This is an updated list of (mostly U.S. and EU) solar companies that have closed, gone bankrupt, become insolvent, ended up in assignment for benefit of creditors, or have been acquired in less than positive circumstances. Although there is a macabre element to this list, it’s actually positive news for the industry. The solar companies left standing in 2015 are the firms with effective business plans and value to add to the marketplace. The survivors made it through the bottleneck of the early 21st century solar market.
Here’s the updated list of the solar firms that have fought the good fight but have moved on.
- Areva’s solar business (CSP) closed — Suffering through a Fukushima-inspired slowdown in reactor sales, Areva exited its concentrated solar power business. Areva’s solar unit consisted of the remains of the acquired startup Ausra.
- HelioVolt (CIGS thin-film PV) closed — HelioVolt was founded in 2001 and aimed to fabricate CIGS solar panels. Thirteen years and more than $200 million in VC later, HelioVolt had shipped no commercial product and finally admitted defeat. A thin-film expert offered this take: “Founded on the idea of a transfer process (FAST) which never worked, HelioVolt went to a two-step process and finally adapted co-evaporation. However, the co-evaporation process the firm decided to copy was that of Solibro — using point sources and an upward deposition orientation — something with severe limitations in manufacturing.”
- LDK (vertically integrated module builder) filed for bankruptcy
- Masdar PV (a-Si) closed its SunFab-based amorphous silicon PV factory in Germany.

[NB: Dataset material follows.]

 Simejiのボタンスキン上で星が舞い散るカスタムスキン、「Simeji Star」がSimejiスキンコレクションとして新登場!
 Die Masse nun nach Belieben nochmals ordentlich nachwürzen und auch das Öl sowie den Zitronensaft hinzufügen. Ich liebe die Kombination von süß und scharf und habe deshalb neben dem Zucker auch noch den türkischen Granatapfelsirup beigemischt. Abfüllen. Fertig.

- SolarMax (PV inverters) — Swiss inverter maker SolarMax’s parent firm, Sputnik Engineering, filed for insolvency.
- Sopogy (small-scale CSP) closed — Sopogy promised smaller-size CSP for the distribution grid or even the rooftop. The startup collected more than $35 million in VC and strategic financing from investors including Southern California Gas Company, 3M, Mitsui & Co., Kolohala Ventures, Enerdigm Ventures, Black River Ventures, Pierre Omidyar and TWC.

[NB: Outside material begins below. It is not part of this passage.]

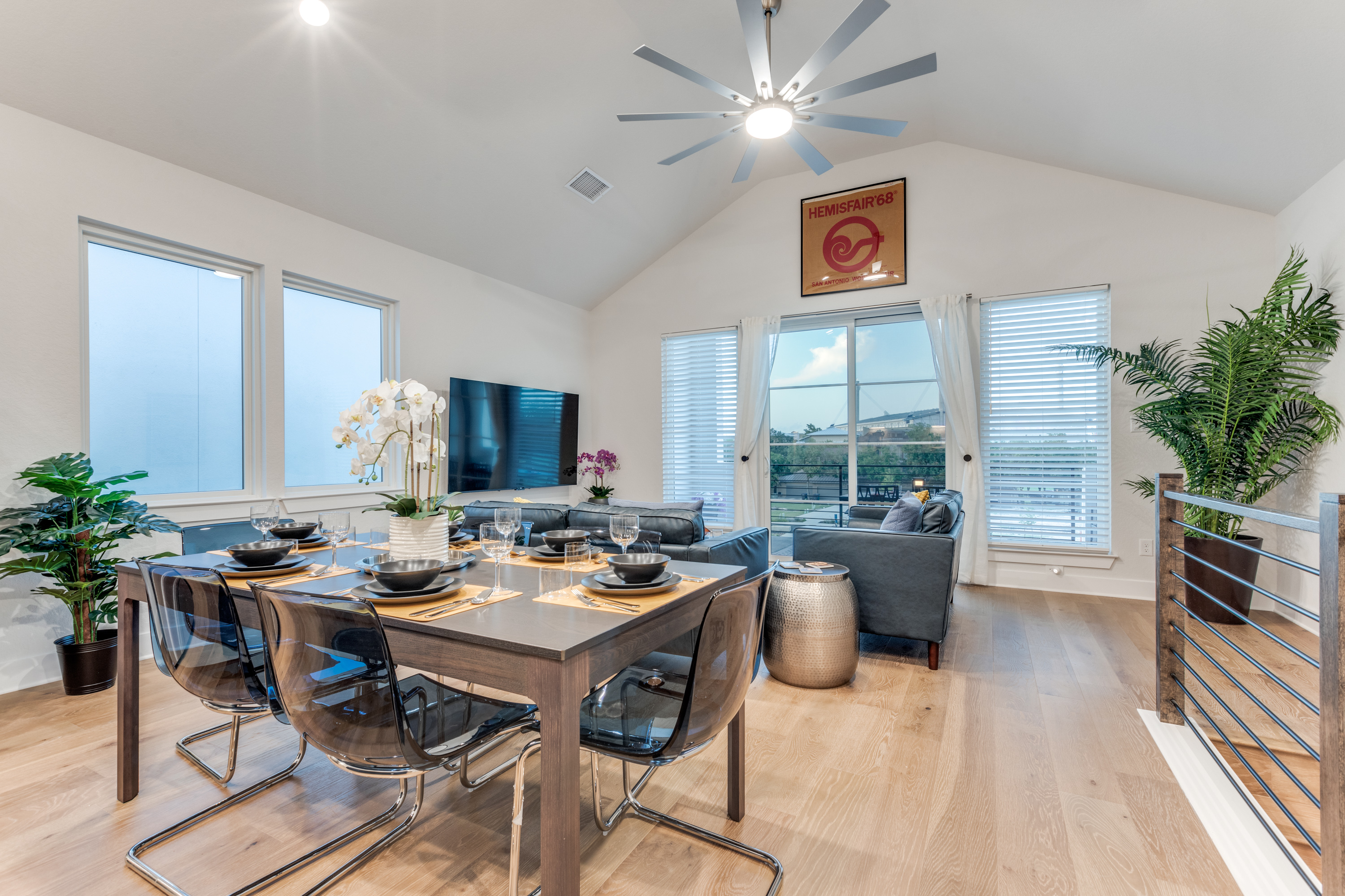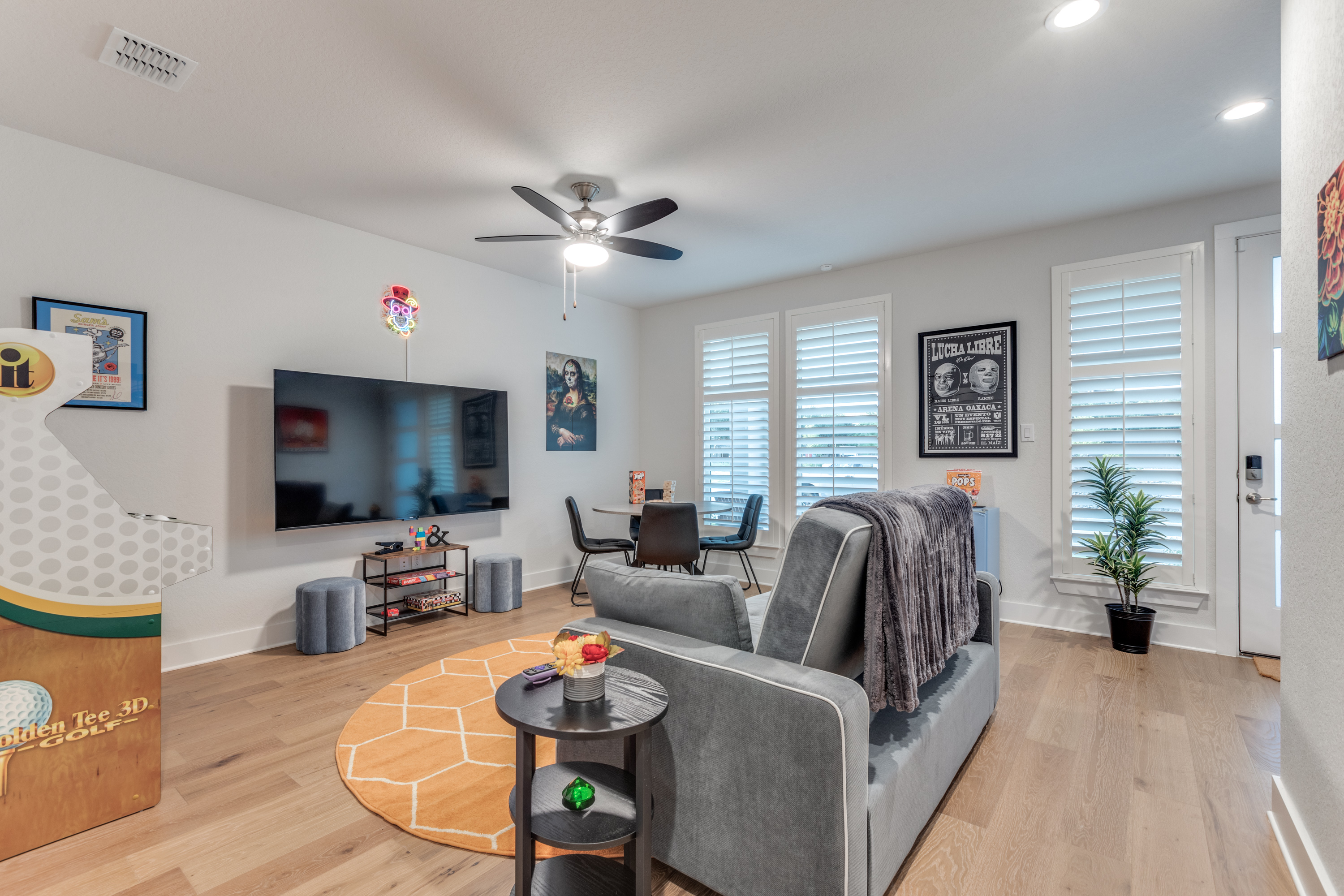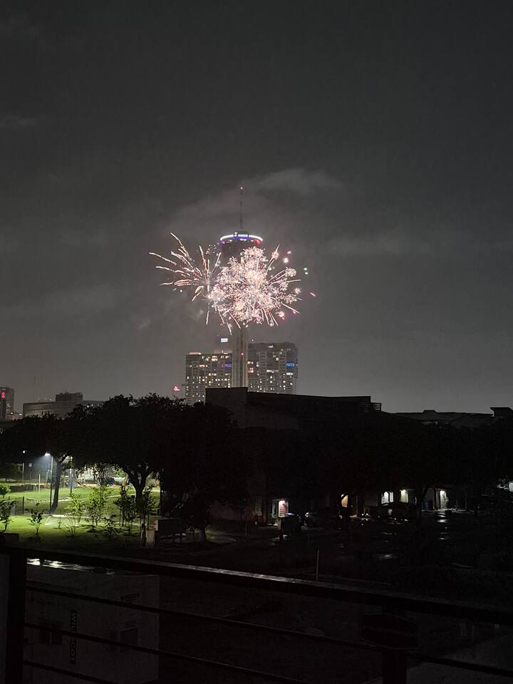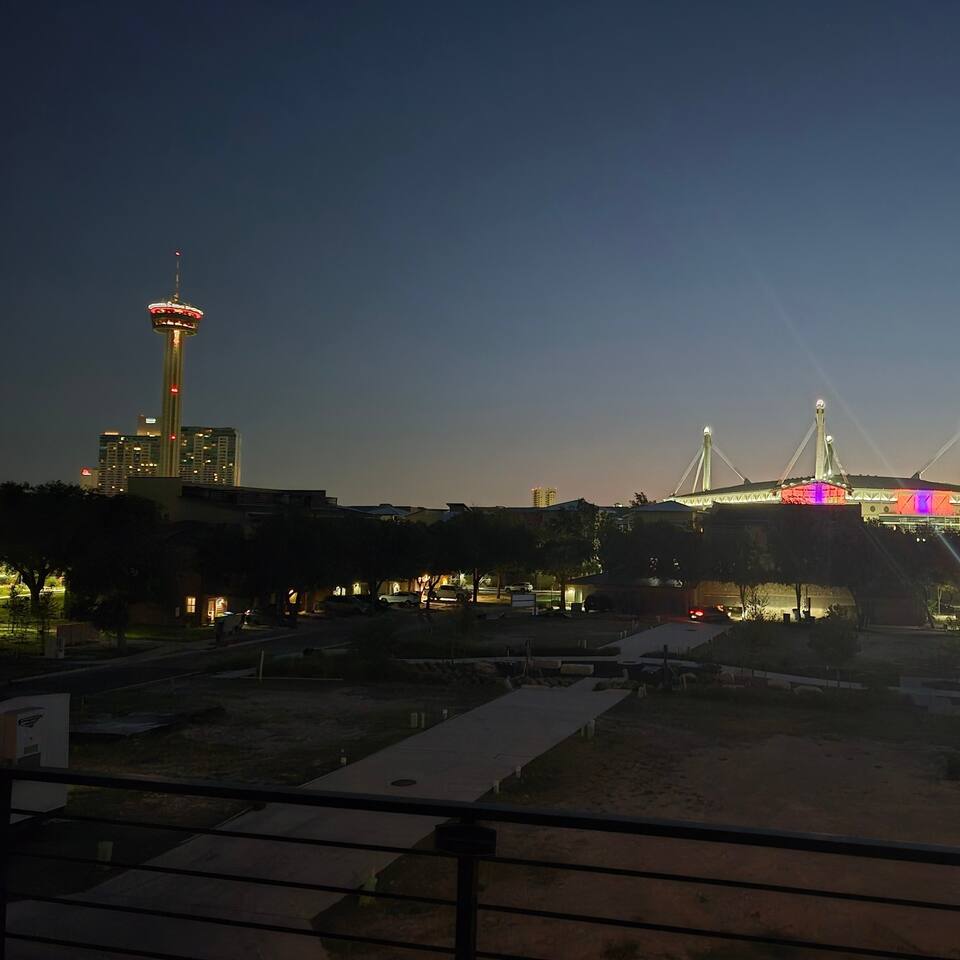 š Highlights ⢠Prime Location: -Just a 15-minute walk to the Riverwalk, Alamodome, Tower of the Americas, and Henry B. GonzĆ”lez Convention Center ā plus countless restaurants, cafĆ©s, and local favorites nearby. -Just a 20 minute drive to Lackland Air Force Base for Basic Military Training (BMT) Graduations. ⢠Stylish Comfort: Beautifully furnished with a refined modern design and curated San Antonio-inspired artwork throughout. ⢠Spacious āGreat Roomā Living: Open-concept kitchen, dining, and living areas beneath a dramatic 15ā vaulted ceiling ā perfect for entertaining, family gatherings, or relaxing together after a day downtown. ⢠Flexible Sleeping Arrangements: ā (2) King master suites with ensuite baths ā Third-floor bedroom can be arranged as a short king (75"L x 76"W), or two twin beds your choice! ā Queen Serta convertible bed in the game room ⢠Chef-Ready Kitchen: Fully stocked with quality cookware, dishes, and utensils ā ready for everything from quick breakfasts to gourmet meals. ⢠ā Coffee & Tea Bar: Enjoy your morning pick-me-up with a fully stocked coffee station including ground coffee, K-pods, decaf, creamer, and assorted teas. ⢠Outdoor Spaces with a View: Three private balconies with Tower of the Americas and Alamodome views ā ideal for sunrise coffee or sunset cocktails. ⢠Entertainment for Everyone: Challenge friends on the Golden Tee Deluxe arcade game, or choose from a wide selection of board and card games for family fun. ⢠Smart Entertainment Setup: ā 75" Roku Smart TVs in the living room and game room ā 50" Roku TVs in every bedroom ā Stream your favorite shows using your own accounts in seconds ⢠Convenient & Secure Parking: Attached 2-car garage ā a rare find downtown ā plus complimentary Level 2 EV charging. ⢠Work & Play Ready: Fast AT&T Fiber Wi-Fi throughout and a dedicated workspace for remote work or trip planning. ⢠In-Home Laundry: Full washer, dryer, and ironing essentials for extended stays or freshening up during your trip. šŗšø Military & Law Enforcement Discount: Weāre proud to offer a special discount for our heroes!

- TEL (a-Si) withdrew from its a-Si solar business — In 2012, the a-Si equipment division of Oerlikon was divested to Tokyo Electron (TEL) in a $275 million deal. In 2014, TEL withdrew from the PV panel production equipment business. Low efficiencies (below 11 percent), high costs, and cheap Chinese panels doomed a-Si and Oerlikon’s effort.
- Xunlight (a-Si) went bankrupt — Xunlight was adept at winning tax credits and government grants but never commercialized its roll-to-roll a-Si BIPV technology.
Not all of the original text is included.